XHPAV-FM
- Pueblo Viejo, Veracruz; Mexico;
- Broadcast area: Tampico, Tamaulipas
- Frequency: 91.7 MHz
- RDS: FIESTA
- Branding: Fiesta Mexicana

Programming
- Language: Spanish
- Format: Regional Mexican

Ownership
- Owner: Grupo Radiorama; (XEPAV-AM, S.A. de C.V.);
- Sister stations: XHETU-FM, XHEOLA-FM, XHPP-FM

History
- First air date: October 4, 1994
- Former call signs: XEPAV-AM
- Former frequencies: 1540 kHz, 1030 kHz
- Call sign meaning: Pánuco Veracruz

Technical information
- Licensing authority: CRT
- Class: B1
- ERP: 12.5 kWs
- HAAT: 81 m (266 ft)
- Transmitter coordinates: 22°14′37.81″N 97°52′27.07″W﻿ / ﻿22.2438361°N 97.8741861°W

Links
- Webcast: Listen live
- Website: www.radiorama.mx/aradios.php?id=242 www.bienydefiesta.com/tampico

= XHPAV-FM =

Radio station in Pueblo Viejo, Veracruz serving Tampico, Tamaulipas, Mexico

XHPAV-FM (branded as Fiesta Mexicana) is a Mexican Spanish-language FM radio station that serves the Tampico, Tamaulipas, Mexico, area.

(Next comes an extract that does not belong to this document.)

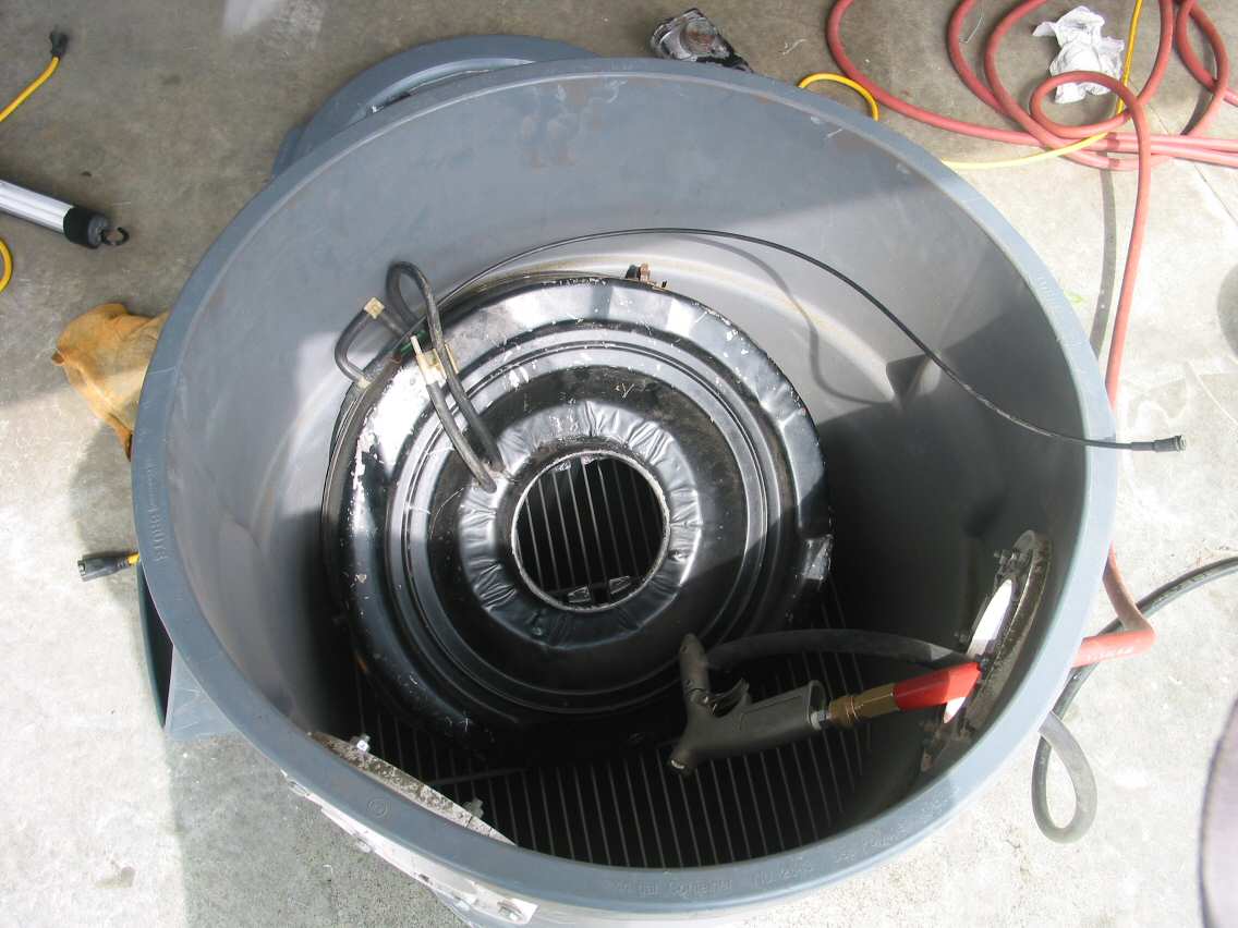 Another plus is that the capacity of the garbage can was MORE than enough for an air cleaner body (see picture). As you can see there is room for the air cleaner, the gun and enough room left over to maneuver.
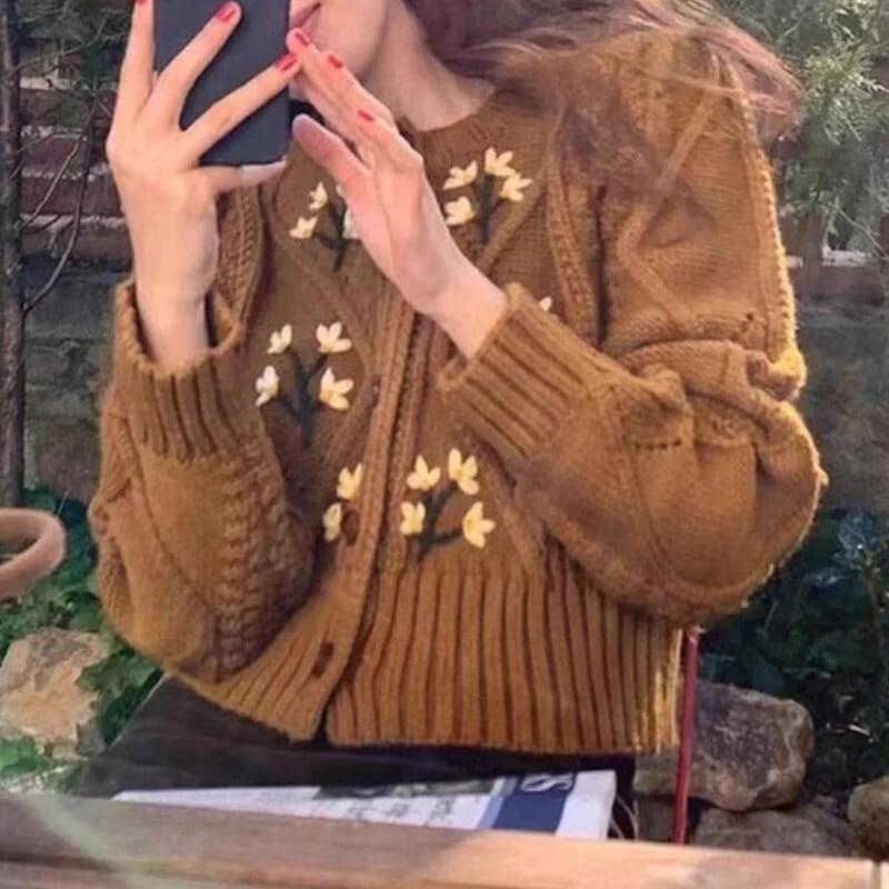 刺繍花柄ニットカーディガン小さ香り優しいスタイル長袖カーディガンシングルブレストクロップトップレトロセーター ロング

It is licensed to Pueblo Viejo, Veracruz but its transmitter and studio facilities are in Tampico.

==History==

XHPAV logo as La Picuda, used until 2017

XEPAV-AM 1540 was licensed to Radiorama subsidiary Mensajes Musicales, S.A., on October 4, 1994. Soon after, it moved to 1030 kHz.

In 2011, XEPAV migrated to FM on 91.7 MHz. In 2015, it was authorized to move its transmitter to a new facility in Tampico.

In 2017, XHPAV changed its name to Fiesta Mexicana, using the positioning used in other Radiorama clusters.